Issue 50: 2016 04 21: Ban Me, You Bastards (Chin Chin)

21 April 2016

Ban Me, You Bastards!

Must I be the only one without a ban?

By Chin Chin

My goodness it makes me angry. Manchester University students debate banning Cameron from speaking even before he has indicated any wish to go there. Tiger Tatchell, too dangerous to be allowed out into the safe spaces of the world and exiled to a London flat.  Cardiff students struggle to neuter Digger Greer lest her Australian accent be too strident for flappy Welsh ears. It’s not just live people either. Cecil Rhodes at Oriel , Queen Victoria at Egham, some dead parrot at Jesus College, Cambridge, all insults to safe spaces, memorials to colonialism, breaches  of EU regulations (oops, wrong debate, sorry).  For the peace of mind of students these monuments must be removed.

Banned!
Oh to be banned!

It just isn’t fair. All this bile is being directed at the political “A” list (assuming something dead can be on an A list – I am prepared to give the dead parrot the benefit of the doubt) and nobody, absolutely nobody,  has banned me or removed my statue from anywhere. That isn’t because I haven’t tried. I have stood on the corns of the politically correct whenever I have had the chance. I have attended transgender conferences and tried to flirt with the lesbians.  I have used the word “men” to mean “men and women”. I have even referred to Agatha Christie’s book “And Then There were None” by its original title. Surely someone, somewhere, should have banned me from something by now. At the very least they could have burned me in effigy!

It is particularly galling because I have Victorian ancestors.  Many people from North London do, of course, but some of mine seem to have been Victorian in a particularly thoroughgoing sort of way. One great, great, great aunt was captured by the Mahdi’s forces in the Sudan and had to sit it out in a Dervish prison with her seven children (two of whom later became generals, naturally) until Lord Roberts arrived with his relieving force in the following year.  Grade 1 imperial adventures, you might think. Surely one bred from such stock would stand out like a thorn in any safe space? Wouldn’t my presence at least make Dervish students uncomfortable? And yet nothing, absolutely nothing.  What was the point of my great, great, great aunt going to all that trouble if it isn’t going to get me banned from speaking somewhere good?

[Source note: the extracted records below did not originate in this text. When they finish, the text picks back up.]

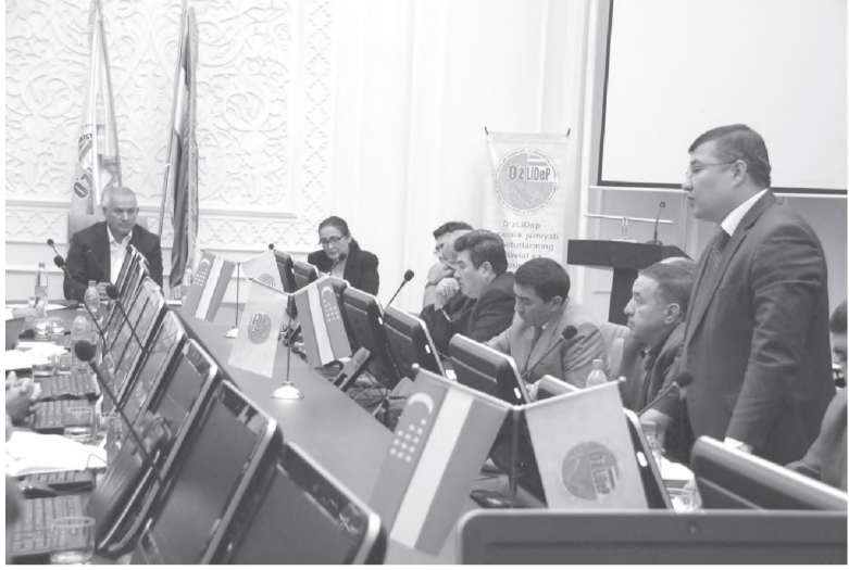
Сониқ ЭОИР олган сураат
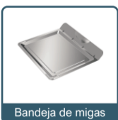
Bandeja de migas
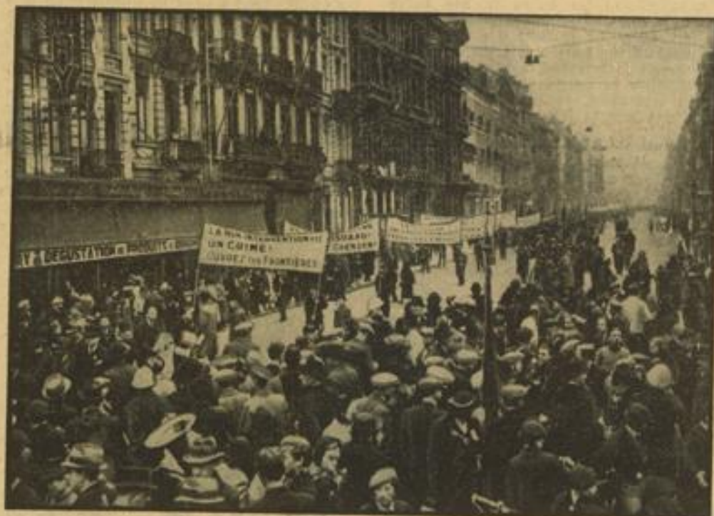
Der 1. Mal im Ausland. Marxistische Demonstrationen zogen in den Straßen Brüssels zur Einmischung in Spanien auf.

Ohne Vertrauen, so betonte Chamberlain, könne es keinen Frieden in den internationalen Angelegenheiten geben. Vertrauen könne man aber nur schaffen, wenn man Beschwerden, Meinungsverschiedenheiten und Verbächtigungen beseitige. Das sei eine Aufgabe, die man nicht auf einmal erfüllen könne. Bei den Verhandlungen mit Italien sei die britische Regierung der Ueberzeugung gewesen, daß mit gutem Willen und Bemühen auf beiden Seiten eine große Gefahr beseitigt werden könne. Dabei habe man die Dinge so sehen müssen, wie sie tatsächlich seien.
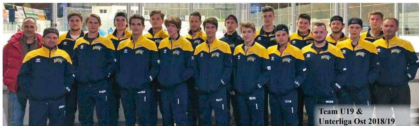
Team U19 & Unterliga Ost 2018/19

Actually I think the whole system is corrupt.  If you can’t keep your position as a political A-lister unless you have been banned, the left wing activists, who seem to have secured a monopoly of the banning process, are in a position similar to that occupied by Beau Nash in Regency Bath.  They alone have the gift of social promotion.  A ban from them can lift the dullest MP to cabinet or shadow cabinet rank. You can cavort around being as anti-LGBT as you like but, unless your efforts are sanctified by a ban, you might as well stay in bed.

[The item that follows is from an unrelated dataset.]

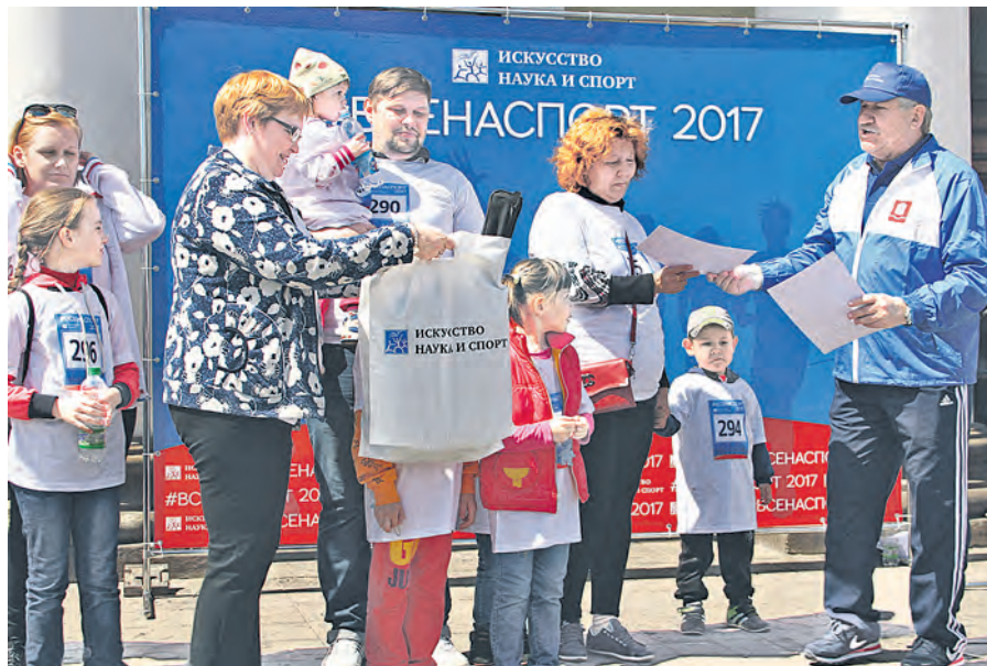
Приятный миг награждения
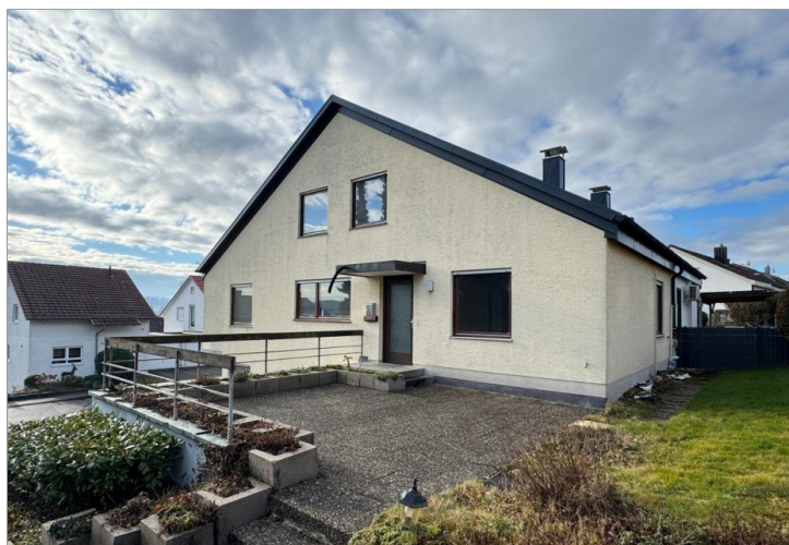
Hauseingang und Freisitz

That power like this should be exploited for money is hardly a surprise and there can be little doubt that as the Guardian hacks trawls through the Panama papers they are going to come across many payments related to it. How much did Cameron pay for his ban? Has the anti-Brexit lobby recorded it as a campaign expense? Did Germaine Greer claim a tax deduction for a payment against the profits of her many books? She should do, you know. Her ban can only increase circulation.

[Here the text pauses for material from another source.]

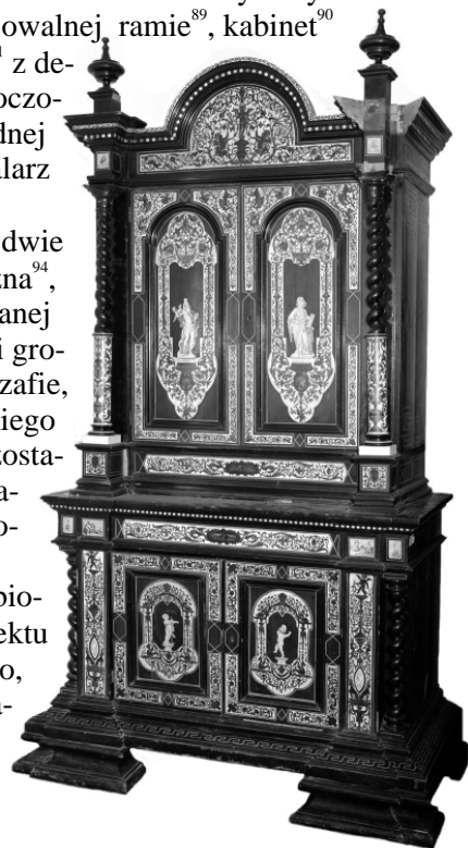
42. Kabinet, Mediolan lub Neapol ok. 1870-1880.

The practical question is, of course, how much a ban costs. As the money all passes through offshore trusts and companies there is little direct evidence available but some points are so obvious that we can probably jump to conclusions.  The price must depend upon the quality of the institution. If it is somewhere where you wouldn’t give a lecture in any event, the ban will cause less of an outcry and that means it has less value. This may affect the value of bans from Manchester and I think we can assume that David Cameron, who as a Bullingdon man would hardly have agreed to give a lecture there, will have got his fairly cheap.  Perhaps the “full Oxbridge” was just beyond his means. Germane Greer’s ban at Cardiff was presumably pricier since this is a University at which she had been invited to speak.  Still, there is probably a 20% discount for Wales. Tatchell’s ban, on the other hand, must have been very expensive because he is already a well-known member of the LGBT community so it was bound to cause a stir. It will make a valuable addition to his reputation and I expect he paid a pretty price for it.

That in the end is the trouble. The price of bans is set by market forces and I just cannot afford one which will give me the right pizazz for Islington dinner parties.  Am I condemned to sit forever surrounded by people vapouring on about the bans, fatwas and trolling from which they suffer while all I can boast is an unfair parking ticket outside Waitrose?  What a come down from my great, great, great aunt!

No, something has to be done and I know what it is.  I have always had my doubts about the vanity publishing industry, it striking me as odd that people pay for the publication of their unreadable works just so that they can claim to be published authors. Well, I have got the point now and I shall follow their lead.  Tomorrow I will set up a university myself.  There will be no students and no courses.  It will never have any premises. It will, however, have a safe spaces policy and that policy will contain a ban preventing me or anyone related to me from ever speaking at one of its functions.